Misinformation continues to surround the use of the Q6 modifier, or the billing for services provided by a locum tenens physician, resulting in mistakes that prove costly or even detrimental to practices, as they may result in audits or further disciplinary action.
The Q6 modifier is a tool that practices can use when a physician is away for an extended period of time, requiring temporary coverage by a locum tenens. It covers Part B fees or medical claims related to the professional service provided, billed using the existing physician’s NPI number, and the Q6 modifier.
To prevent abuse, there are stringent rules in place surrounding the conditions for using this modifier. When being used, the surrounding circumstances must be well-documented. Carefully review the details of when and how to use the Q6 modifier to ensure that you remain compliant.
When Can You Use the Q6 Modifier?
When the primary physician is unable to provide regular services to their patients and a locum tenens physician is called in. The circumstances that may prompt such leave are broad, and may include: illness, pregnancy, vacation, CME participation, bereavement, and so forth.
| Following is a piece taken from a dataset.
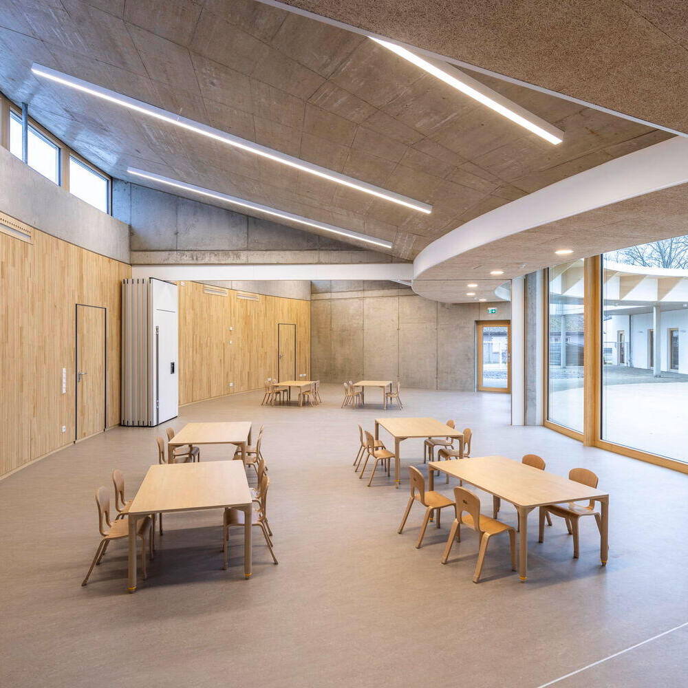 Natürliches Licht spielt bei dem auch energetisch nachhaltigen Gebäude eine zentrale Rolle: Bodentiefe Verglasungen sorgen für maximale Tageslichtnutzung – sowohl von der Gartenseite als auch vom Hof aus. In Schlafräumen übernehmen gelochte Metallpaneele die Rolle des feststehenden Sonnenschutzes, in innenliegenden Kinder-WCs sorgen Skylights für natürliche Belichtung. Der Speise- und Mehrzweckraum hebt sich mit seinem aufgefalteten Dach und Oberlichtband deutlich von den übrigen Räumen ab – und betont sowohl architektonisch als auch atmosphärisch die besondere Funktion.

However, other conditions must be in place for the use of the Q6 modifier.
The Q6 modifier allows for a maximum billing of sixty (60) consecutive days. The only exception to this is when the regular physician is on active military duty. In this case, the restriction is waived, and the Q6 modifier can be used for a more extended period of time. After sixty billed days, the Q6 modifier can no longer be used to pay for locum tenens services for that physician’s absence. Additionally, you can’t use another physician to extend coverage at the end of 60 days, and the existing physician cannot have been gone for more than ninety (90) days.
The locum tenens physician must be paid per day, although this may be done directly or through an agency. They cannot be self-employed or working for another practice, and they must be a physician — not a nurse practitioner, physician assistant, or any other occupation.
What to Do If You Can’t Use the Q6 modifier
What happens if you need to extend coverage past 60 days or the primary physician chooses not to return? For example, a permanent physician may be using FMLA leave, taking 90 days off from work, or deciding to take another job while on leave. In either case, the temporary physician is no longer considered a true locum tenens after 60 days, and services can’t be billed under the Q6 modifier. Instead, the temporary physician must be enrolled with payers, and services should be billed under an individual NPI number. The physician is now considered an interim provider, as he or she is now filing a vacancy rather than providing replacement coverage.
It’s best to begin the payer enrollment process during the initial 60 days. This helps you avoid gaps in coverage and any compliance issues for using the primary physician’s NPI number past the allowed time.
How Do You Code For a Locum Tenens Physician?
There are two critical steps associated with using the Q6 modifier, in order to accurately note that another physician is filling in for the regular physician:
1. Add the Q6 modifier in box 24 D after the CPT/HCPCS code.
2. Note the regular physician’s NPI number in box 24 J.
Always check with the insurance carrier, as they may have guidelines in addition to the ones listed above. This is true for Medicaid and Medicare, as well as privately contracted plans.
Best practice is to create a protocol for your staff to use the Q6 modifier and retain the necessary documentation in case of an audit. It’s best not to leave any room for misunderstanding of these instructions.
It is essential to follow the rules associated with the Q6 modifier, respecting both the terms for its use while ensuring that the appropriate documentation measures are taken. Lack of compliance can result in errors that might put your practice in jeopardy of an audit or take-back.
The guidelines and instructions provided here are intended to help get you on track to using the Q6 modifier while remaining compliant. For detailed information on submitting claims for locum tenens physicians, check out the Centers for Medicare & Medicaid Services (CMS) Manual System.